Overall, the rate of nonsusceptibility to penicillin was 29%. Of the 50 penicillin-nonsusceptible strains, 13 (8%) were highly resistant to penicillin and 37 (21%) showed intermediate resistance. S. mitis showed the highest rate of penicillin resistance (45%). Moreover, of the 13 highly penicillin-resistant strains, 12 belonged to the S. mitis group and one belonged to the S. salivarius group. These results agree with other surveys which report that penicillin resistance is more common in S. mitis and S. salivarius than in S. anginosus (1, 7, 8).

The resistance percentages for erythromycin and clindamycin were 45.6 and 27.7%, respectively. High percentages (30 to 50%) of erythromycin resistance have been reported in recent studies of VGS isolated from blood cultures (1, 5-7). Resistance to erythromycin varied by species, and Streptococcus bovis group isolates showed the highest rates of resistance to erythromycin and clindamycin. S. bovis isolates were found to be more resistant to these antibiotics than other streptococcal species in Denmark were (14). The lowest percentages of erythromycin and clindamycin resistance were found in S. salivarius isolates.

Overall the ketolide telithromycin was the most active antimicrobial agent tested, with 96% susceptibility. However, we found seven telithromycin-resistant strains. These belonged to the S. bovis group, and the MICs for them ranged from 4 to 128 µg/ml. Telithromycin-resistant VGS have been recently reported in Belgium (11), but, to our knowledge, ours is the first report that describes telithromycin-resistant S. bovis strains and the first that shows MICs as high as 128 µg/ml.
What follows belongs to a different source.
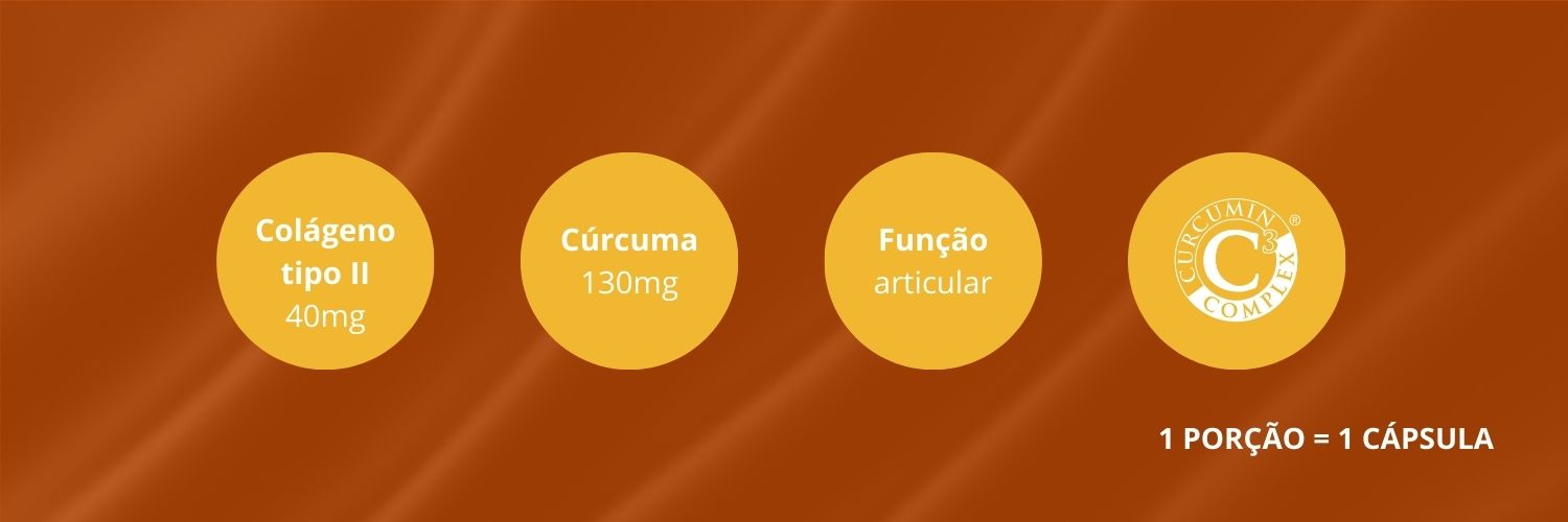 Colágeno Tipo II + Cúrcuma: apenas 1 Cápsula ao dia.

Of the 79 erythromycin-resistant strains, 61% displayed constitutive macrolide-lincosamide-streptogramin B (cMLSB) resistance, 35% displayed the M phenotype, and 4% displayed the inducible MLSB (iMLSB) phenotype (Table 2). The predominance of the cMLSB phenotype in VGS isolated from blood has been reported from Korea (61.1%), France (77%), and Holland (73%) (3, 9, 22). However, in the United States, Canada, and Latin America (6, 8), the M phenotype was the most common. In VGS isolated from normal flora, there are also differences between phenotypes in the different countries (2, 11, 17)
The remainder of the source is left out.